Exterior Waterproofing Cost Calculator
Cost a dig-down exterior membrane job from the below-grade wall area (perimeter × depth to the footing) and the price per square foot you enter, plus your excavation line.
Calculator
Exterior waterproofing on a 120 LF × 8 ft wall (960 sq ft) is about $11,520.00 with your excavation line. Digging to the footing is heavy excavation — use licensed pros and pull a permit.
Exterior waterproofing is the thorough approach: excavate down to the footing, clean the wall, and apply a waterproof membrane or coating from the outside so water never reaches the structure. Because the membrane covers the below-grade face of the wall, it is priced by square foot of wall area — the perimeter multiplied by how deep the wall runs below grade.
The excavation itself is often a separate line on the quote, so this tool keeps the membrane $/sq ft and the excavation cost apart.

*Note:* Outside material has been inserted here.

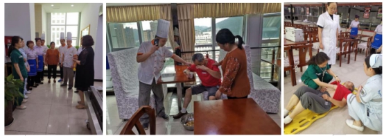 6月21日,医院总务科、预防保健科、急诊科及职工食堂全体员工在职工食堂联合开展了突发食品安全应急演练,演练中,大家反映迅速、分工明确、组织有序、流程规范。通过此次演练,让大家充分了解掌握了事前预防、事发应急响应、事中应急处置、事后恢复与重建的应对程序和策略,大幅度提高了职工食堂的工作人员对突发性食品安全事故的应急处理能力。扎实高效地实施应急预案可以将有效控制事态发展,最大限度的减少人民群众生命财产安全,将各种损失和不良影响降至最低。

Digging around a foundation is heavy, sometimes structural work: have a licensed engineer confirm the approach and pull the required permits before anyone breaks ground.
Formula
wall_area = perimeter × depth
total = wall_area × price_per_sqft + excavation
Wall area is the below-grade face being coated; price_per_sqft is the installed membrane $/sq ft from your quote; excavation is your separate dig-and-backfill line. No price is stored — you enter the $/sq ft.
Worked example
A 120 linear foot perimeter dug down 8 feet to the footing has a wall area of 120 × 8 = 960 sq ft. At $12 per square foot for the membrane:
960 × $12 = $11,520 (before any separate excavation line).
So the membrane portion is about $11,520. Add your excavation line to get the full picture — on a deep or tight-access wall the digging can rival the membrane itself.
Why exterior costs the most
Exterior waterproofing usually costs more than any interior method because of the excavation: reaching the footing means removing soil, protecting or moving landscaping, decks and utilities, and backfilling afterward. That is why the tool separates the membrane $/sq ft from the excavation line — on some sites the dig is the bigger number. It is also why exterior work is genuinely structural and excavation scope: have a licensed structural or geotechnical engineer assess the wall first, use licensed pros, and pull a permit and inspection. If the water problem can be solved from inside with interior drain tile or better yard drainage, that is often the far cheaper honest fix; exterior membrane is the answer when the wall face itself must be sealed.